Efficient Volumetric Segmentation Method
Dumitru Dan Burdescu, Liana Stanescu, Marius Brezovan, Cosmin Stoica Spahiu
Citation: Proceedings of the 2014 Federated Conference on Computer Science and Information Systems, M. Ganzha, L. Maciaszek, M. Paprzycki (eds). ACSIS, Vol. 2, pages 659–668 (2014)
Abstract. In this paper we extend our previous work for planar images by adding a new step in the volumetric segmentation algorithm that allows us to determine regions closer to it.
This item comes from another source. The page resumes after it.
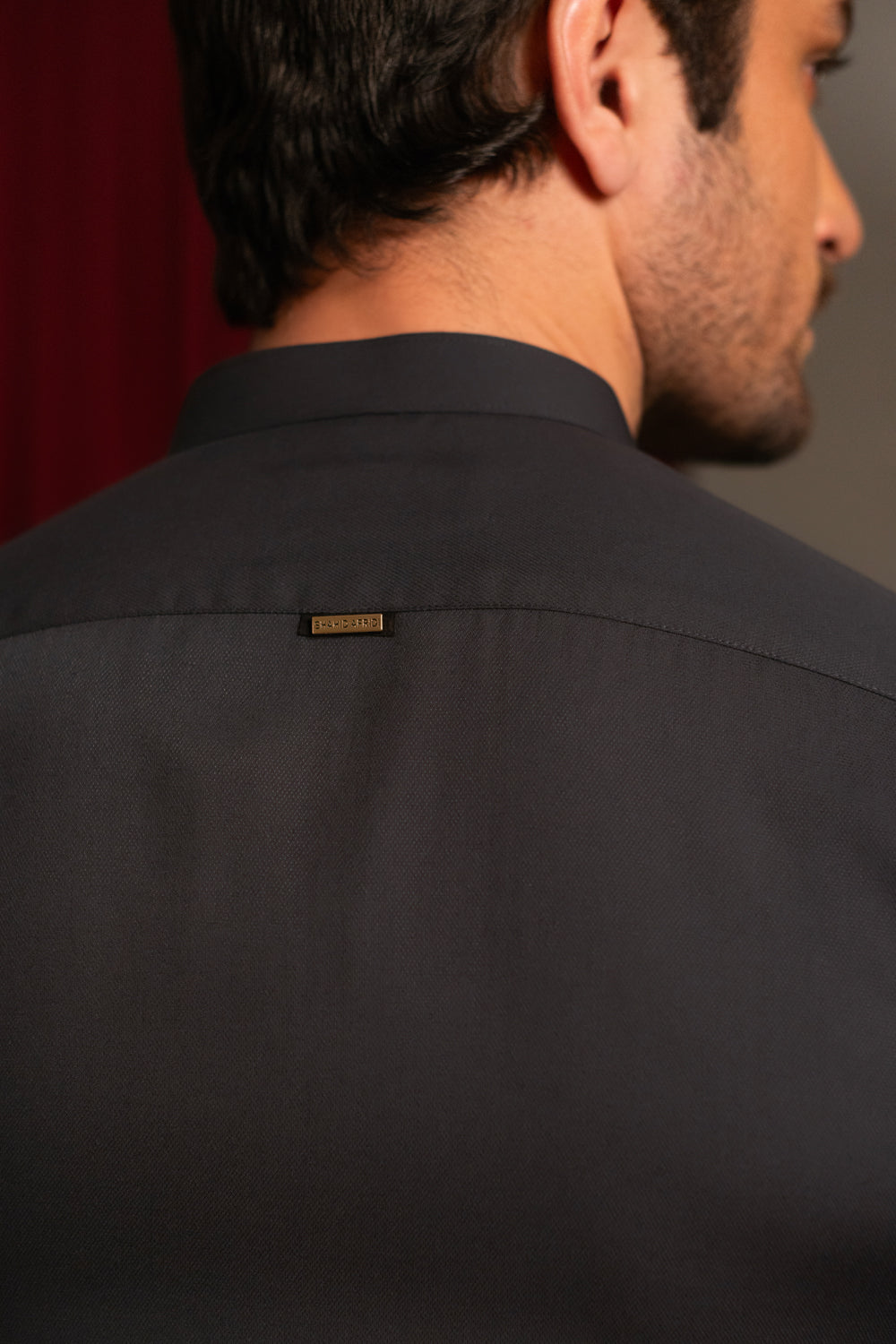 A charcoal gray designer kameez shalwar in dobby fabric featuring a band collar and straight hem, accented with black velvet detailing on the collar, cuffs, back yoke, and sleeve placket, along with rivet accents. Finished with a Shahid Afridi metal plate on the back yoke, the signature bat emblem on the left sleeve, and a distinctive accessory on the collar for a luxurious, signature look.

There are huge of papers for planar images and segmentation methods and most of them are graph-based for planar images and very few papers for volumetric segmentation methods. However, even if image segmentation is a heavily researched field, extending the algorithms to spatial has been proven not to be an easy task. A true volumetric segmentation remains a difficult problem to tackle due to the complex nature of the topology of spatial objects, the huge amount of data to be processed and the complexity of the algorithms that scale with the new added dimension. The problem of partitioning images into homogenous regions or semantic entities is a basic problem for identifying relevant objects. Visual segmentation is related to some semantic concepts because certain parts of a scene are pre-attentively distinctive and have a greater significance than other parts. A number of approaches to segmentation are based on finding compact regions in some feature space. A recent technique using feature space regions first transforms the data by smoothing it in a way that preserves boundaries between regions. The key to the whole own algorithm of volumetric segmentation is the honeycomb cells. The pre-processing module is used mainly to blur the initial RGB spatial image in order to reduce the image store and to make algorithms to be efficient. Then the volumetric segmentation module creates virtual cells of prisms with tree-hexagonal structure defined on the set of the image voxels of the input spatial image and a volumetric grid graph having tree-hexagons as cells of vertices. Early graph-based methods use fixed thresholds and local measures in finding a volumetric segmentation.